Mirza : Öleceksen onurunla öl! Kendi kafana sıkarak değil.
Ölüm Meleği : Isırıldım seni lanet olasıca ısırıldım.
Sebastian : Anti serum var .
Ölüm Meleği : Biliyorum evet var fakat  bütün anti serumlar arabayla birlikte yandı. Siz iki akıllıda beni bunun için kurtardınız.
Mirza : Sanki son serumlar patladı.
Ölüm Meleği : Seri üretim tesisi varda ben mi bilmiyorum.

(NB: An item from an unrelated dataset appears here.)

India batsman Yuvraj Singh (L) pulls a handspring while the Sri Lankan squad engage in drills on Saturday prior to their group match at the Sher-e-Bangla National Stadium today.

Sebastian : Tekirdağ Mortem üstü var . İstanbul anadolu mortem üstü var . Mortem Avrupa üstü  var.
Ölüm Meleği : Tamam planı yaptık. Elimize bir kap alalım tık tık tık diye kapılarını çalıp komşu komşu anti serum lazım bana mı diyelim ?
Mirza : Yok amına koyayım öyle demeyelim Annem bir tüp anti serum istedi diyelim.

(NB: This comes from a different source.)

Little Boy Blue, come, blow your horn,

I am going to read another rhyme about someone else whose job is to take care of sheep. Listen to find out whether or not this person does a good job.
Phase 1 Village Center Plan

Ölüm Meleği : Siz ikiniz anlamıyorsunuz. Yoruldum artık. Daha kaç hayat biz yaşayacağız diye ölecek ?
Mirza : Öldürelim ki ölmeyelim
Mirza : Sebastian kanka Ölüm Meleği nin kafasını bi kontrol et. Sanırım zombiler beynini de yediler.
Ölüm Meleği : Geç dalganı amına koyayım geç.
Mirza : Sebastian Moruk aşısı gelmiş meleğinin. Vur aşısını da ısırmasın ..
Ölüm Meleği : Anlamadım Mirza !
Mirza : Bizde aradığın şey var duygusal soldiers.
Sebastian anti serumu alıp getirdi. Sol kolunun damarına anti serum enjekte edildi.
Ölüm Meleği : Hepsi bu kadar mıydı beyler ?
Mirza : Hepsi bu kadar değil .
Sebastian : Kanka 3 gün boyunca 12 şer saat aralıklar ile bu aşıyı olacaksın. Ne geç ne erken. Saatini kur sen kanka..
Mirza : Saat gibi kuralım Ölüm Meleği seni tam zamanında çalarsın..
Ölüm Meleği : Piç kurusu..
Ölüm Meleği Tekrardan eve girdi ve bir omuzuna Mustafa yı bir omuzuna Sansar ın cansız bedenini aldı. Onları dışarıya çıkarttı. 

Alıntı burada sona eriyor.